Visibilitas dan Kontras dalam Keadaan Darurat

Dalam standar keselamatan air internasional, pemilihan warna pakaian sangat menentukan kecepatan evakuasi. Warna hijau, biru tua, atau hitam adalah warna-warna yang memiliki kontras rendah saat berada di dalam air laut. Sebaliknya, warna-warna cerah seperti oranye, kuning menyala, atau merah adalah warna yang paling mudah tertangkap oleh mata manusia karena kontrasnya yang tajam dengan latar belakang biru laut.

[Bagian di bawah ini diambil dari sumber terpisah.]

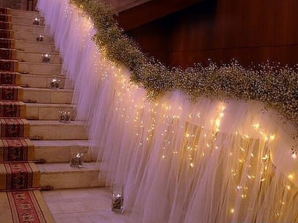 Если ресторан двухэтажный или в зале есть возвышение с лестницей, очень красиво будет задрапировать и ее. Обычно ткань красивыми складками укладывается на перила и между ними, в местах сборок крепятся цветы, такие же как и в композициях на столах или ленты. Аналогично можно украсить террасу беседку или арку для молодоженов на выездной регистрации.

Penggunaan baju hijau di pantai selatan secara teknis memperkecil peluang korban untuk ditemukan dengan cepat. Mengingat arus balik atau rip current di pantai selatan sangat kuat, kecepatan visual tim penyelamat dalam mengunci posisi korban adalah faktor penentu antara hidup dan mati. Dengan demikian, mitos ini secara tidak langsung berfungsi sebagai mekanisme kontrol sosial untuk menjaga keselamatan para pengunjung.

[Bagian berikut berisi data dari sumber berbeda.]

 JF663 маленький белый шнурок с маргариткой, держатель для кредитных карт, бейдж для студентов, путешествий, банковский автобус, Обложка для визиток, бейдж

Keganasan Arus Balik Pantai Selatan

Selain masalah warna, pendaki atau pengunjung pantai harus memahami bahwa pantai selatan Jawa berbatasan langsung dengan Samudra Hindia. Karakteristik pantainya memiliki palung-palung tersembunyi dan arus rip current yang mampu menyeret benda apa pun ke tengah laut dengan kecepatan tinggi.

Banyak kejadian orang hilang yang kemudian dikaitkan dengan mitos baju hijau sebenarnya merupakan murni kecelakaan akibat kurangnya pemahaman tentang arus laut. Masyarakat lokal yang memahami bahaya ini menggunakan narasi legenda agar pengunjung lebih waspada dan patuh pada aturan. Tradisi dan sains dalam hal ini berjalan beriringan untuk satu tujuan, yaitu melindungi nyawa manusia dari kekuatan alam yang tidak terduga.

Larangan menggunakan pakaian hijau di pantai selatan adalah perpaduan unik antara kearifan lokal dan prinsip keselamatan dasar. Meskipun narasi yang berkembang di masyarakat dibalut dengan nuansa mistis, esensi utamanya adalah tentang visibilitas dan kemudahan evakuasi. Saat berkunjung ke pantai mana pun, pilihlah pakaian dengan warna yang kontras dengan air laut agar Anda tetap terlihat jelas. Menghormati aturan setempat adalah bentuk penghargaan terhadap budaya, sekaligus langkah cerdas dalam menjaga keselamatan diri sendiri di alam liar.